Listed Building – Category B
- Official name: St Leonard's Place And North Overgate, Town House Including Boundary Walls, Exercise Yard And Railings
- Designated: 24 November 1972
- Reference no.: LB36251

= Kinghorn Town Hall =

Municipal building in Kinghorn, Scotland

Kinghorn Town Hall is a municipal building in St Leonard's Place, Kinghorn, Fife, Scotland. The structure, which is used as holiday accommodation for tourists, is a Category B listed building.

==History==
The first municipal building in Kinghorn was a small Saxon or Norman church, St Leonard's Chapel, which was converted into a town house and prison in the 16th century. Several Covenanters were incarcerated in the building, which was described as "horrible", during the Killing Time in the early 1680s. It served as the regular meeting place of the burgh council and became known as St Leonard's Tower, but was struck by lightning in the early 19th century and was subsequently demolished.

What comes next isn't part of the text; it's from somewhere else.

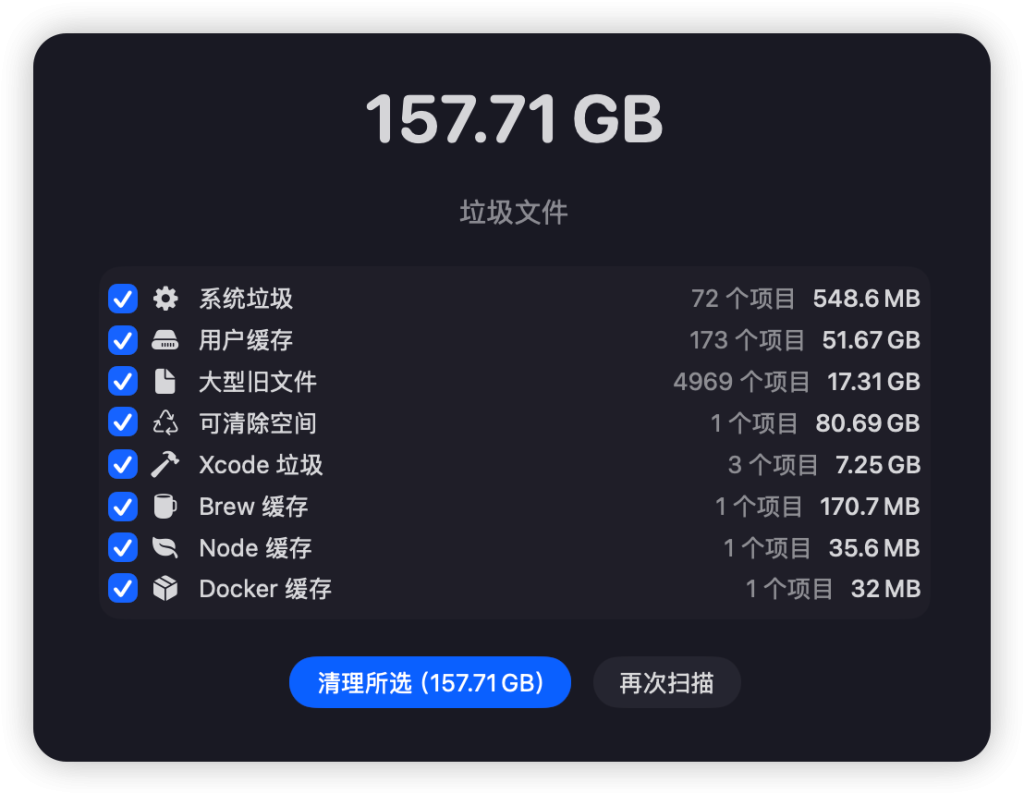 | 核心功能 | 系统垃圾、用户缓存、孤立文件、Xcode/Homebrew、大文件/旧文件、邮件附件、Trash、purgeable space(支持 Time Machine 快照彻底清理)、定时自动清理 | 系统/应用垃圾、大文件、重复文件、相似照片、浏览器隐私、应用卸载、状态栏监控(CPU/温度/风扇/网速)、摄像头/麦克风保护 | 专注应用彻底卸载 + 残留文件扫描 | 最全面:垃圾清理、卸载、重复文件、恶意软件扫描、性能优化、维护脚本等 |

The current building was designed by Thomas Hamilton in the Tudor Revival style, built in ashlar stone and was completed in 1830. The design involved a symmetrical main frontage of three bays facing into St Leonard's Place. The central bay was formed by a three-stage tower which featured a square headed doorway with a hood mould in the first stage, a tri-partite mullioned and transomed window in the second stage and a corbelled clock face in the third stage. The centre bay was flanked by full-height buttresses surmounted by pinnacles. The outer bays were fenestrated by small square windows with hood moulds on the ground floor and bi-partite mullioned and transomed windows on the first floor. There was also a single-storey wing extending to the northeast. At roof level there was a parapet with corbelled turrets at the outer corners. Internally, the principal rooms were the barrel vaulted prison cells and the guardroom on the ground floor, and the courtroom on the first floor. The courtroom, which also served as a council chamber, featured an ogee-headed fireplace and contained some fine decorative plasterwork.

In the mid-20th century, offices for the town clerk and other council officers were established in Baliol Street. The town hall continued to serve as the meeting place of the burgh council for much of the 20th century, but ceased to be the local seat of government after the enlarged Kirkcaldy District Council was formed in 1975.

The building was acquired by the Fife Historic Buildings Trust in anticipation of a major programme of restoration works, which was managed by the trust and was completed in 2009. The upper floors of the building were converted into holiday apartments for tourists, while the ground floor became the head office of the Fife Historic Buildings Trust in December 2013.